** Opening Supplied material block **
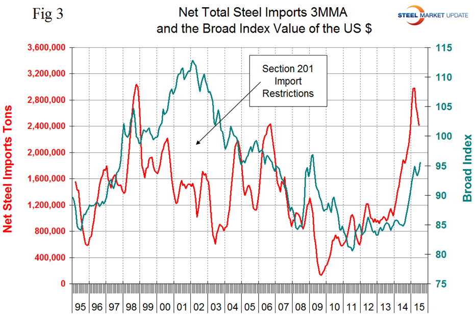 We believe there are two main drivers of the strength of net steel imports. The trade weighted value of the US $ is increasing which makes our exports less attractive to foreign buyers. It makes the US domestic market more attractive to foreign sellers because they reap more in their own currencies and it makes imports more attractive to domestic buyers. Figure 3 shows the relationship between net imports and the value of the $ since January 2011.
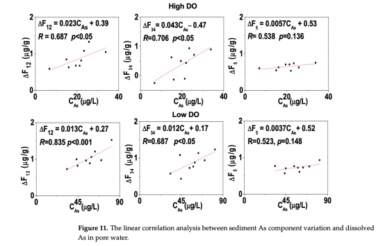 意義:低DO下可交換態(tài)砷(F1+F2)占比升至26.7%,鐵錳氧化物結(jié)合態(tài)砷(F3+F4)減少9.2%,明確釋放源為鐵錳氧化物還原溶解(圖11)。
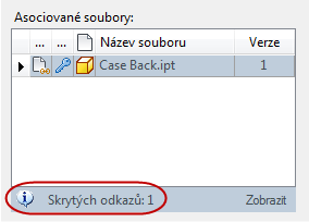 Všechna sekundární propojení budou skryta. Počet skrytých propojení se soubory se zobrazí v levém dolním rohu okna Asociované soubory.
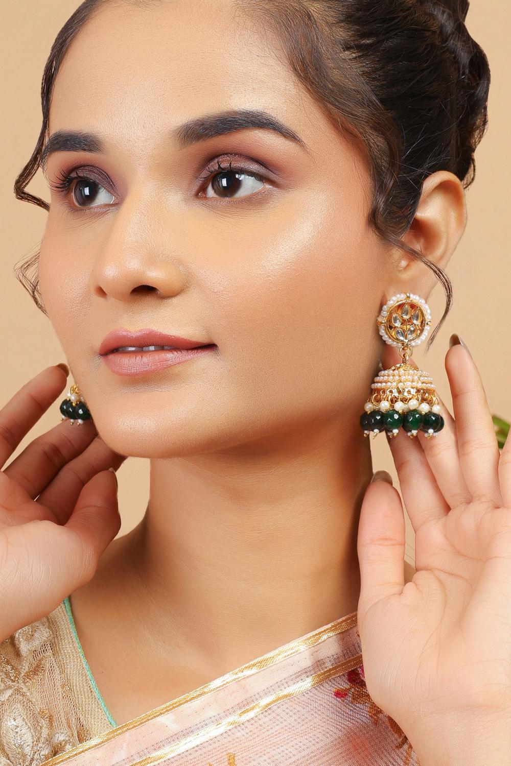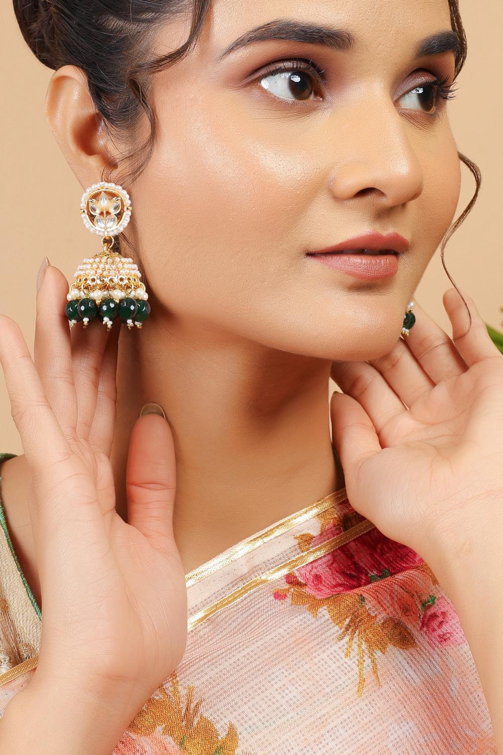 Unveil your inner diva with our Earrings a masterpiece that combines artistry and sophistication. Made from Alloy this jewelry is adorned with Kundan & on back side meenakari comes ensuring a dazzling finish. Whether you're dressing up for Sangeet, Mehendi, Wedding or adding flair to casual wear, this piece is your ultimate style companion. Pair it with modern accessories to complete your outfit and make every moment sparkle
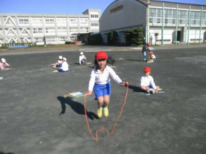 体育で縄跳びの練習をしています。前跳びや後ろ跳びは何回か跳べる子がいました。駆け足跳びが難しかったようです。休み時間にも練習している子がたくさんいました。
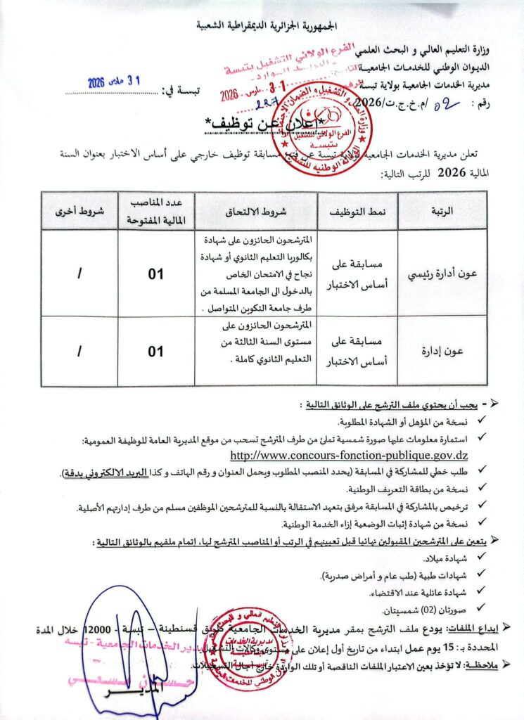 تعلن مديرية الخدمات الجامعية بتبسة عن فتح مسابقة توظيف خارجي على أساس الاختبار بعنوان السنة المالية 2026 للرتب التالية:
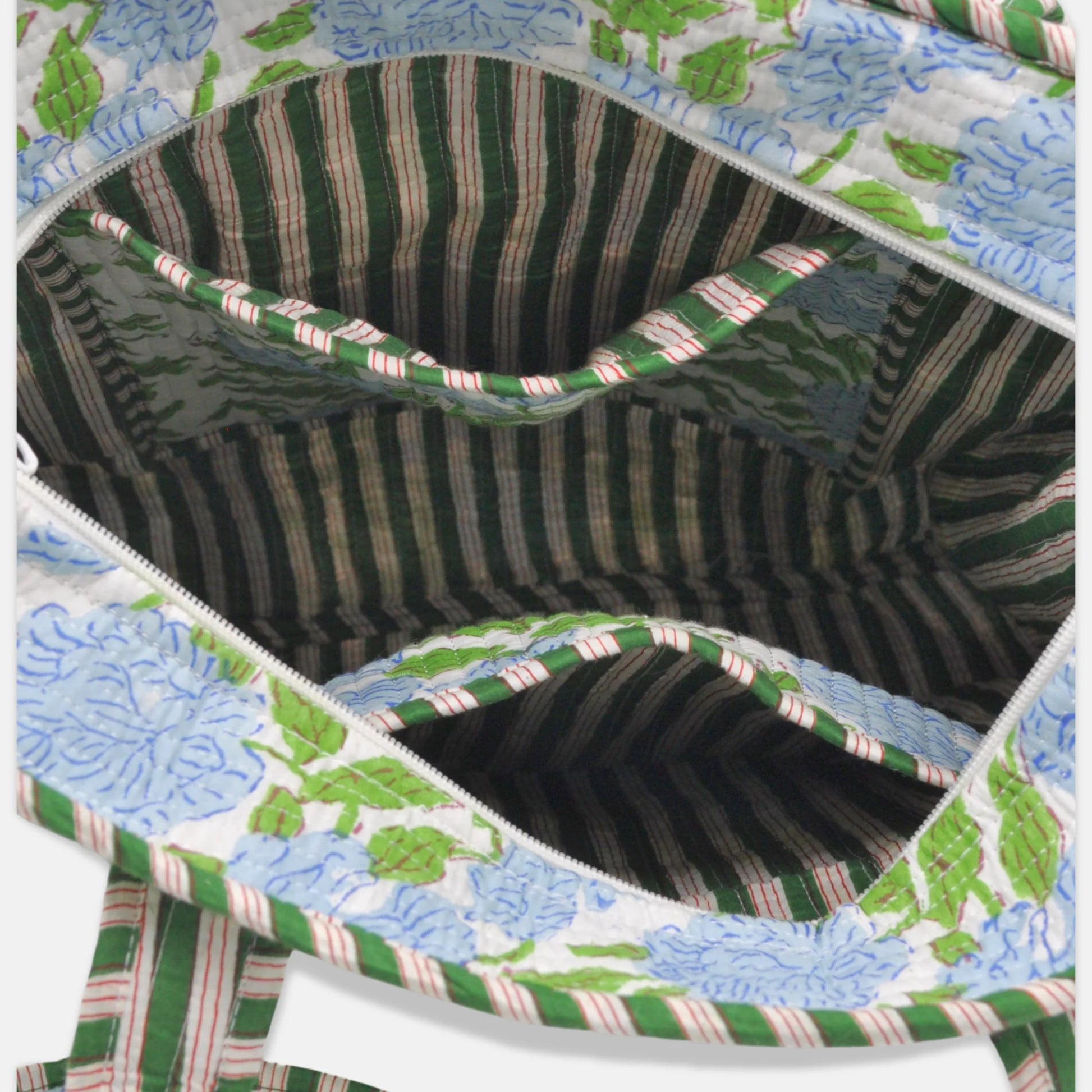 These blue hydrangea quilted tote bags with muted green striped details are specially designed to give you extra space without the bulk, a carryall (literally all) for your mahjong accessories. With an extra long shoulder drop for comfort, each has ample room for tiles, racks, mats, cards, & accessories.
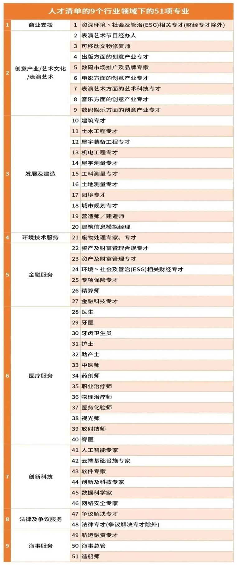 香港特區(qū)政府5月份還擴(kuò)大了“人才清單”,把涵蓋專業(yè)由原有13項(xiàng)增加至51項(xiàng),換句話說,這些崗位都是人手比較緊缺,是較容易審批成功的崗位類型。
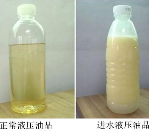 液壓油和水不相溶,且油的密度比水小,當(dāng)油水混合時(shí)在溫度、振動(dòng)、壓力等的作用下,互相包裹形成無(wú)數(shù)的微小分隔面,在光的折射作用下顯現(xiàn)白色,肉眼觀察呈奶白色。
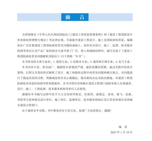 為貫徹落實(shí)《中華人民共和國消防法》《建設(shè)工程質(zhì)量管理條例》和《建設(shè)工程消防設(shè)計審查驗(yàn)收管理暫行規(guī)定》等法律法規(guī),全面提升建設(shè)工程設(shè)計、施工及消防驗(yàn)收質(zhì)量,編制組結(jié)合最新的《建筑防火通用規(guī)范》GB 55037—2022、《消防設(shè)施通用規(guī)范》GB 55036—2022等標(biāo)準(zhǔn)規(guī)范,在廣泛征集建設(shè)工程消防驗(yàn)收常見問題的基礎(chǔ)上,組織有關(guān)設(shè)計、施工、監(jiān)理、技術(shù)服務(wù)機(jī)構(gòu)等單位以及產(chǎn)品廠家的相關(guān)專家開展了廣泛、深入和細(xì)致的研究,編寫完成了《建設(shè)工程消防驗(yàn)收常見問題解析及防治》(以下簡稱“本書”)。
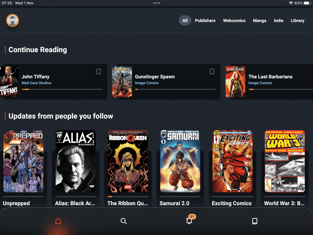 The digital reader is slowly collecting all the big comics names outside of Marvel and DC. Image and Boom Studios have sections as well as many of the other publishers. They’re also very inviting to the Indie and Small Press field and many of our buddies have planted a flag on there already. For £9.99 I had already read more than my money’s worth after a couple of hours and continue to sink time daily into catching up on series I had missed previously from AWA, Vault, Avery Hill etc.
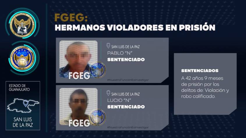 Dos hermanos han sido sentenciados por cargos de violación y robo. PABLO “N” suma una sentencia de 42 años y 9 meses a otra anterior de 12 años y 9 meses. LUCIO “N” participó con su hermano en una violación, ha sido sentenciado a 42 años con 9 meses.
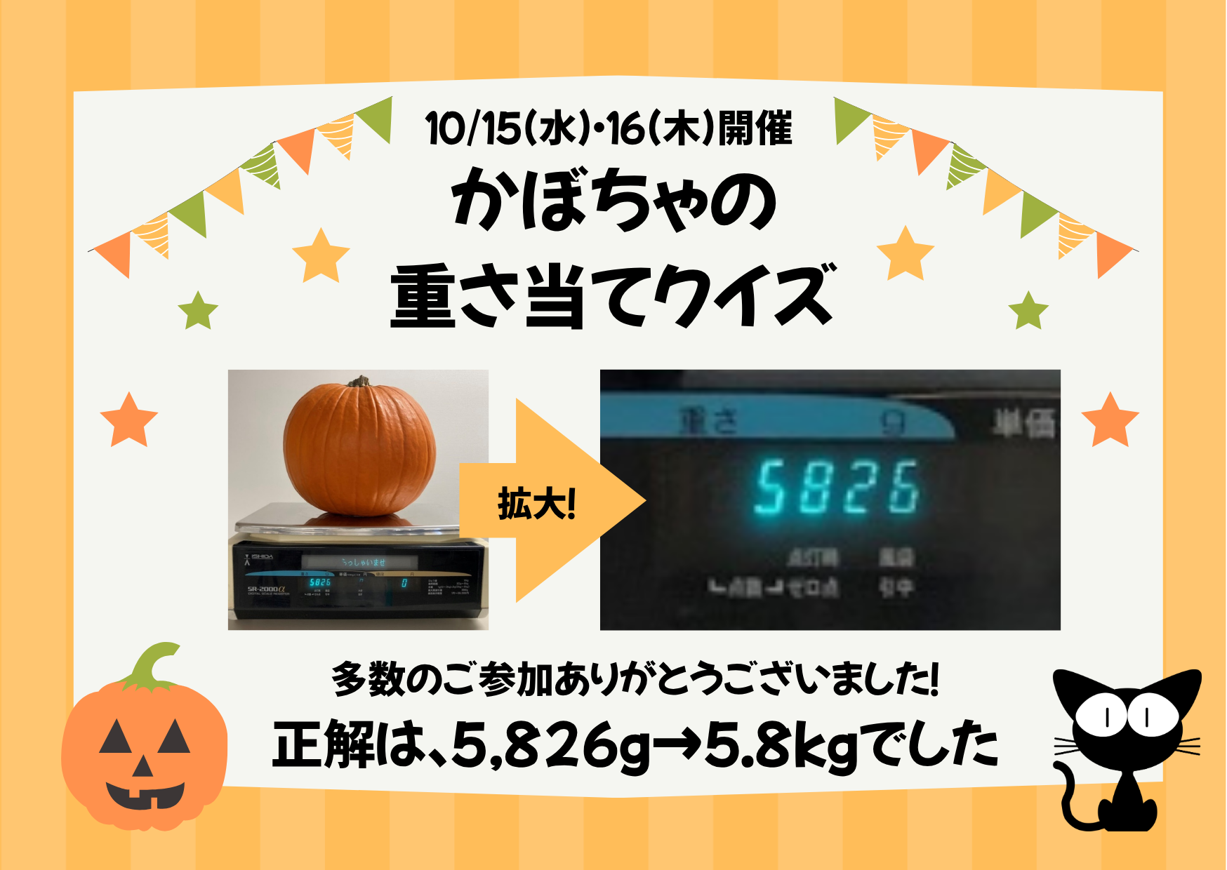 10月15日(水)・16日(木)開催の「かぼちゃの重さ当てクイズ」結果発表
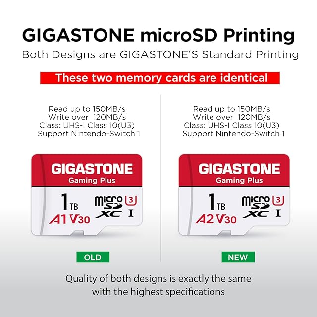 【5年】GIGASTONE マイクロsdカード 1TB Gaming Plus microSDXC UHS-I A1 V30 U3 C10 150MB/s 高速 1TB Full HD & 4K UHD動画 GIGASTONE 国内正規品 SDアダプター1枚付き【Nintendo Switch 1動作確認済】
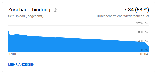 Der Graph zeigt an, an welcher Stelle des Videos wieviel Prozent der Zuschauer noch "anwesend" waren. Dies beginnt natürlich bei 100% in Sekunde 1 und fällt dann nach und nach ab. Wenn ein Verlauf so gerade aussieht wie hier, gab es wohl zumindest keine besonders "abschreckenden" Momente im Video, denn sowas kann man meistens als einen starken Knick nach unten sehen. So in etwa wie der am Ende, dort haben viele Zuschauer bemerkt, dass das Video vorbei ist und nur noch Abspann kommt, da haben sie vorzeitig weggeklickt. Wenn so ein Knick mitten im Video vorkommt, dann ist an dieser Stelle vermutlich etwas nicht in Ordnung gewesen. Schlechter Ton, besonders langweiliger Moment, eine Aussage die viele Zuschauer nicht gut fanden, das kann viele Gründe haben.
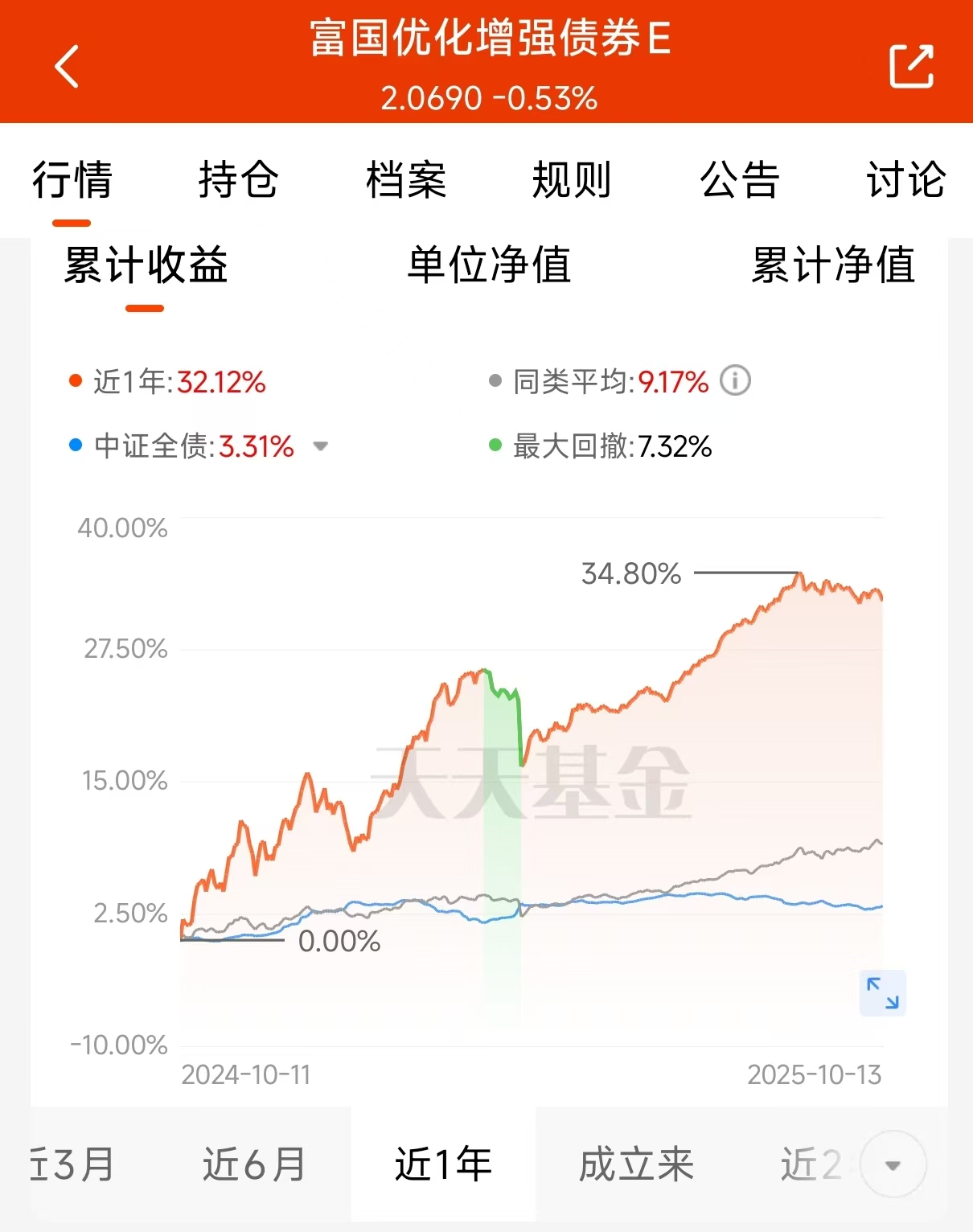 在市场震荡期,固收+产品由于债券仓位的缓冲,波动通常小于股票基金。同时,债券底仓还能提供长期稳健收益。$富国优化增强债券E$(018980)就是不错的选择,近一年收益达32%,最大回撤控制在8%以内,持有体验较为舒适。#OpenAI联手博通!AI产业链怎么投?#
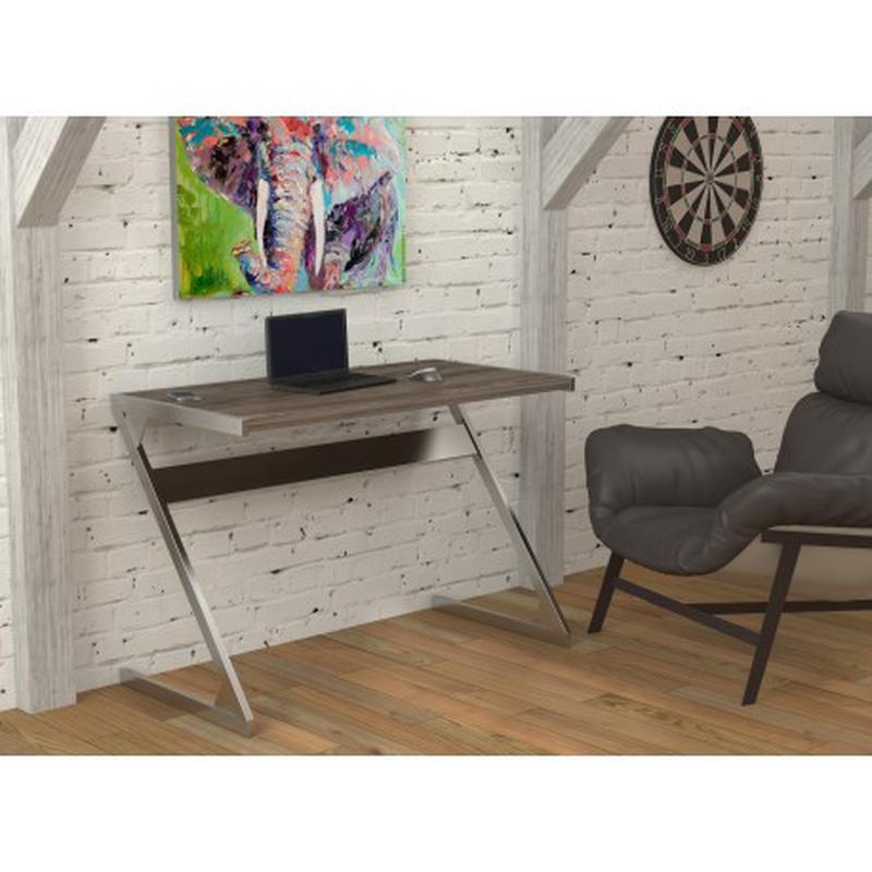 Стіл Z-110 Loft design Представляємо вашій увазі новинку - письмовий стіл Z -110! Якщо Ви шукаєте невеликий і акуратний стіл для будинку, або кабінету - це ідеальний вибір для Вас! Тому що виріб поєднує в собі простоту і функціональність. Стіл дуже компактний, що забезпечить Вам комфотрне робоче місце.Оригінальна форма металевих деталей надає столу стійкості,а його зовнішний вигляд зробить інтер'єр свіжим та сучасним. Письмовий стіл Z-110 має оригінальну конструкцію корпусу , яка ломає наші стереотипи о столах. Замість звичних нам чотирьох опор, тут дві Z - подібні ніжки виконані з міцьного металу. Металевий каркас столу забарвлений в сріблястий колір під хром. Внизу опор є маленькі висувні ніжки, призначені для компенсації нерівностей підлоги. Металевий каркас виконаний з міцьного металу товщиною листа 1,4мм. Робоча поверхня виконана з здвоєного ЛДСП товщиною 32мм. По краях клеїться стійка до пошкоджень кромка товщиною 2 мм. ЛДСП представлено в чотирьох кольорах: - Венге Корсика; - Горіх Модена; - Дуб Палена; - Рустер. Письмовий стіл Z-110 від компанії Loft design має такі розміри: - Ширина -110см.; - Глибина 58 див.; - Висота 75 см. Завдяки вдалій конструкції , цей стіл буде неймовірно зручним. Його також можна використовувати як офісний стіл або як стіл для письма.
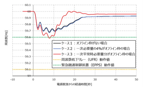 また「中西エリア」では、図7のケース3(一次平常時必要量全量がオフライン枠)は、ケース1(オフライン枠がゼロ)やケース2(一次必要量4%がオフライン枠)と比較すると、周波数回復が遅く、緊急融通制御装置(EPPS)が動作したものの、全ケースにおいて周波数は問題なく回復することが確認された。
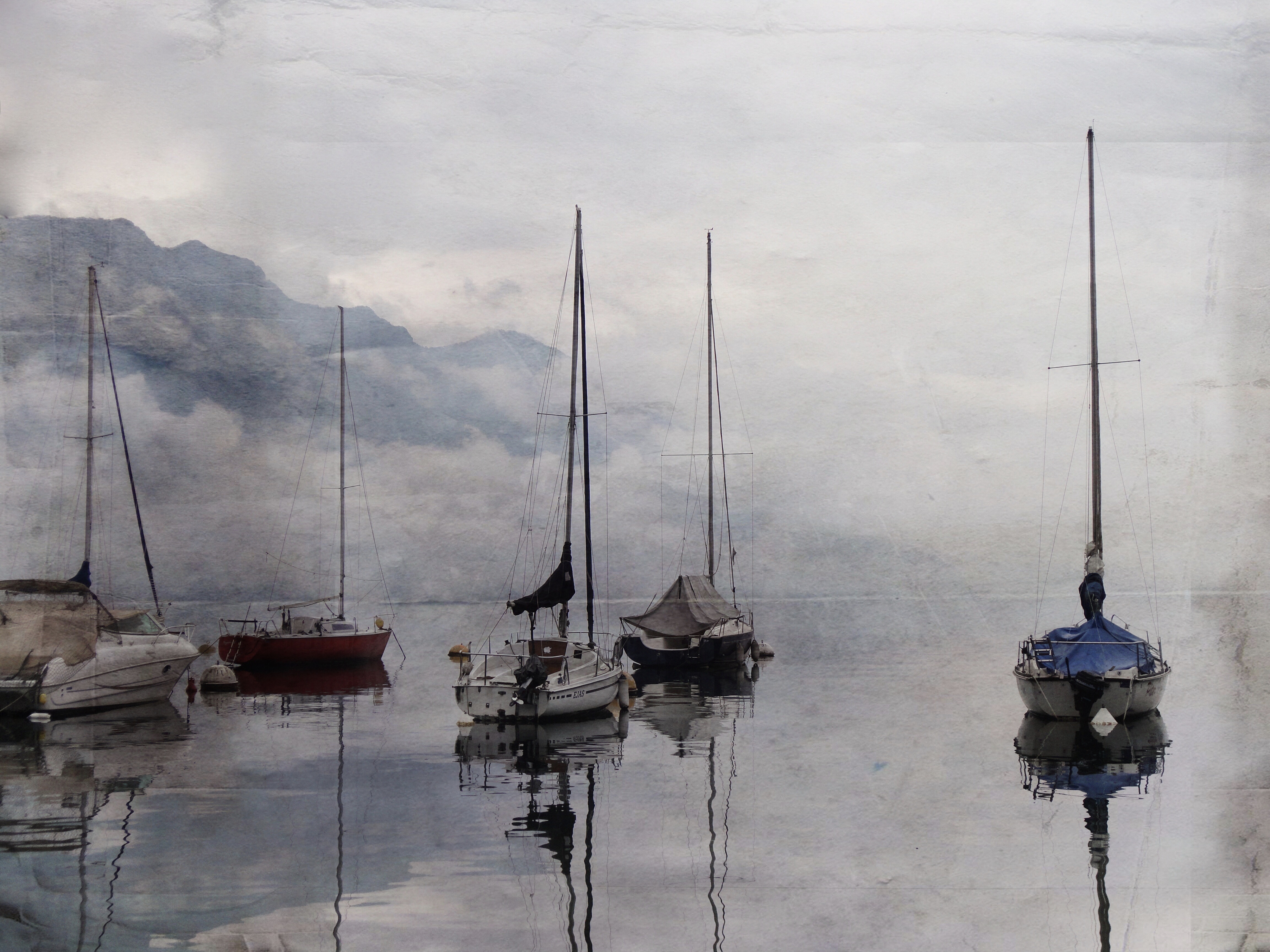 Sailboats moored in foggy harbor, mountains in background.
** Closing Supplied material block **
Problem requirements: In the records above, find the line containing "Unveil your inner" and output every line from the first through that one, exactly, omitting pictures.

Your solution:
 We believe there are two main drivers of the strength of net steel imports. The trade weighted value of the US $ is increasing which makes our exports less attractive to foreign buyers. It makes the US domestic market more attractive to foreign sellers because they reap more in their own currencies and it makes imports more attractive to domestic buyers. Figure 3 shows the relationship between net imports and the value of the $ since January 2011.
 意義:低DO下可交換態(tài)砷(F1+F2)占比升至26.7%,鐵錳氧化物結(jié)合態(tài)砷(F3+F4)減少9.2%,明確釋放源為鐵錳氧化物還原溶解(圖11)。
 Všechna sekundární propojení budou skryta. Počet skrytých propojení se soubory se zobrazí v levém dolním rohu okna Asociované soubory.
 Unveil your inner diva with our Earrings a masterpiece that combines artistry and sophistication. Made from Alloy this jewelry is adorned with Kundan & on back side meenakari comes ensuring a dazzling finish. Whether you're dressing up for Sangeet, Mehendi, Wedding or adding flair to casual wear, this piece is your ultimate style companion. Pair it with modern accessories to complete your outfit and make every moment sparkle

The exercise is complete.